Tuesday, July 22: For long, the diary has pondered this potentially life-altering question: What does Waqar Younis eat for breakfast? Today, the diary has its answer — cornflakes, skimmed milk, and a trickle of honey. The former Pakistani fast bowler, purveyor of toe-crushers, is here to do commentary, and by a happy twist of fate (another Clare Vawyens theme), is booked into the same hotel the diary and its cohorts are staying in. An early-morning quote is just the thing to boost the spirit, but fast bowlers are known to be grouchy starters, and the diary, still nursing scars from encounters with Colin Croft and Merv Hughes, gives the opportunity a pass.

Wednesday, July 23: A wet, wet start to the first Test, and the only action of note in the morning is the violent attack on the diary and its colleague on the way to the SSC. Now, keep in mind that the diary, from time to time, takes the odd liberty, and read this with a healthy mix of incredulity. The statutory warning done, let’s get to the story. An elderly gentleman has undertaken to drop the diary and friend in his autorickshaw, and here we are motoring along, when a jeep containing military types passes close by, horning stridently. It’s dark and raining, and our auto driver can barely see ahead, let alone see what’s behind. A second jeep pulls up, a man in uniform reverses his rifle, and smashes the auto’s rear-view mirror with the butt. Our driver blinks nary an eyelid and drives on. We arrive safely. Time hangs heavy as the diary waits for the day to get underway. Ever ready for a chat and a cup of tea, the diary strikes up a conversation with Hari, a freelance cameraman who is working for the host broadcaster. Talk turns to the umpire referral system. Hari dismisses the hypothesis that the positioning of cameras introduces levels of parallax that compromises the system. The diary wonders if the kind man will allow it to look through the camera, perhaps even swivel it a touch, but Hari, probably seeing the signs, the ham-handed air, and the look of utter incapability, turns to his camera and peers thorough it very intently for the next 10 minutes. The diary can take a hint — especially one that’s so final — and drowns its sorrow in an overlarge cup of trifle. One of the diary’s several theories is that ex-cricketers make poor politicians because they don’t fill suits well. Dave Richardson, he of the big, brown gloves when keeping wicket for South Africa in the 90s, has no such problem. As ICC general manager (cricket) he is here to monitor the umpire referral system. “He looks spectacular!” gushes a journalist, who will remain unnamed. The diary agrees, perhaps a smidge too warmly.

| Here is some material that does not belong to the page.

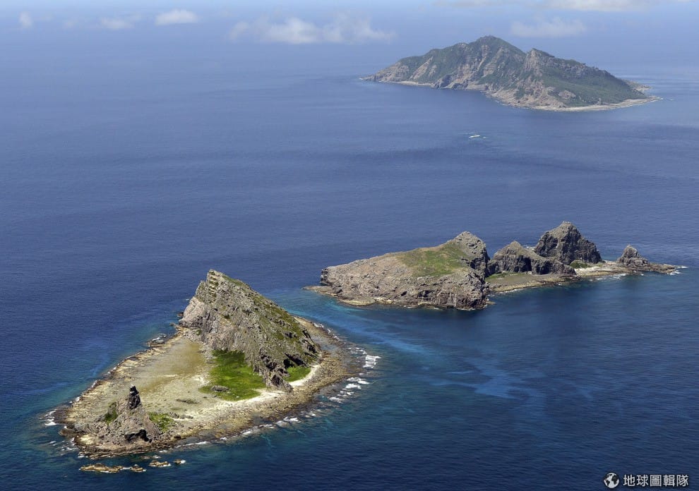 圖為東海上引起中日領土爭議的島嶼,位在兩座島嶼中間的就是釣魚台。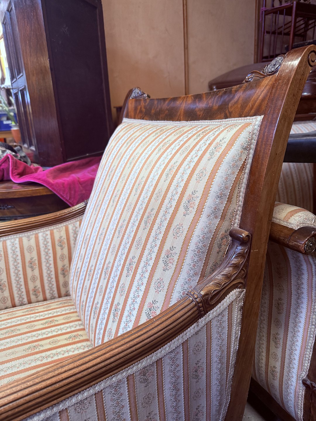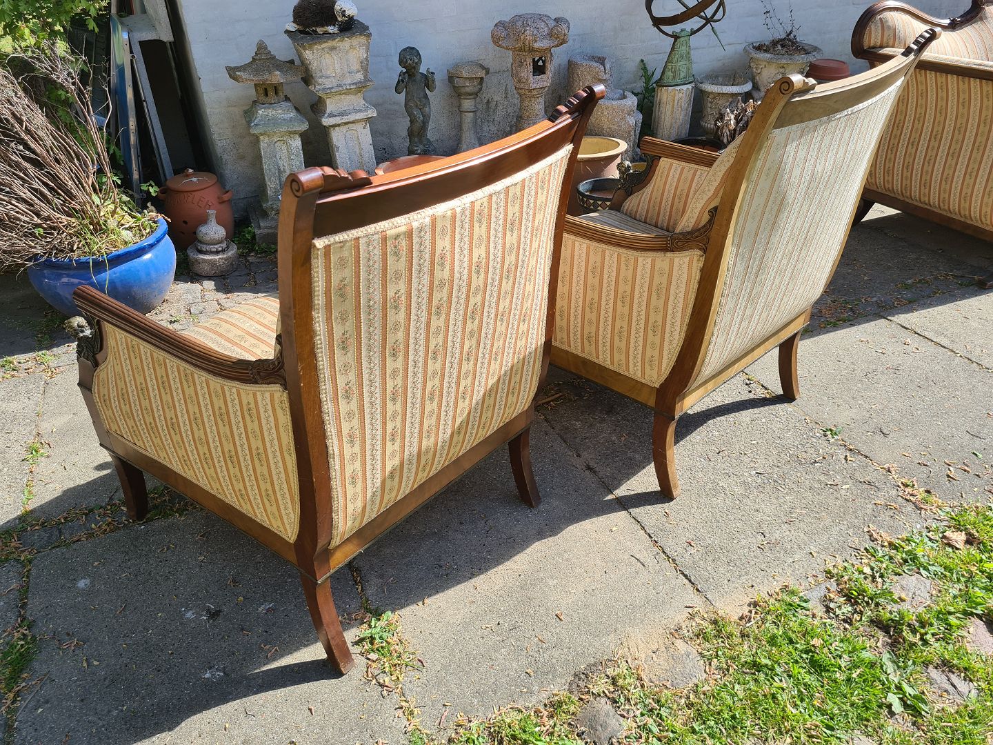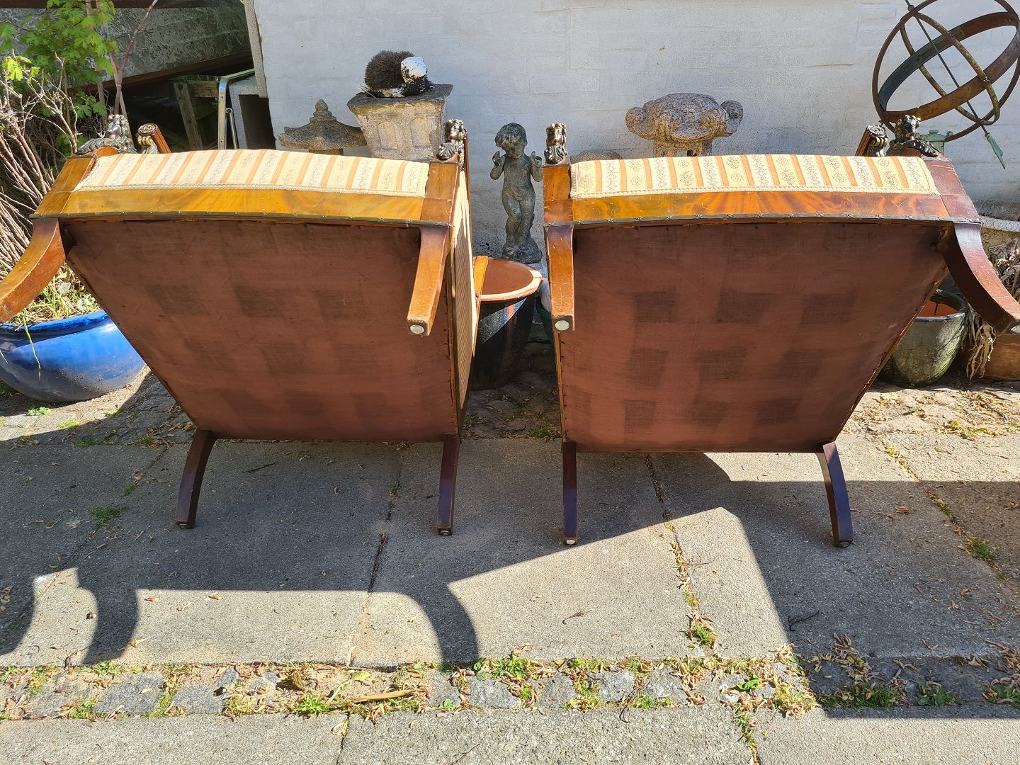 2 Lænestole fra 1930'erne. Overpolstret på stel af nød og birk. Fremstår pæne og velholdte uden nævneværdige brugsspor. Lænestolen er en del af sofa sættet med nr. 80860.

Thursday, June 24: Anil Kumble carves himself yet another slice of history, this time becoming the first captain in Test cricket to ask for the referral of a decision. The great man has made more judicious calls in a glittering career, and Mr. Koertzen and Mr. Benson return a not out verdict to Harbhajan Singh’s appeal for leg-before.

Friday, June 25: A national selector is spotted in the press box, doing his best impression of a former Indian captain’s dancing skills. Now, such matters are subject to stringent defamation laws, or so the diary is informed, and it will dutifully desist from naming names. The step in question is the sort favoured by celluloid heroes of yesteryear, and if the captain cut as fine a figure as the selector mimicking him, he will have had no trouble earning his mates’ respect. There’s something about a grown man with his hands behind his ears, pelvis thrust jauntily, that inspires loyalty. Ajantha Mendis’s carom ball is being discussed threadbare. The diary knows it rather well from tennis-ball cricket. As a wicketkeeper of disrepute, it has often been wrong-footed by this delivery, bowled by a cruel, mirthless friend, who has since become a respected doctor.

Saturday, June 26: The diary phones in today’s entry, but cavil not dear reader; brace thyself for a shocking revelation week next.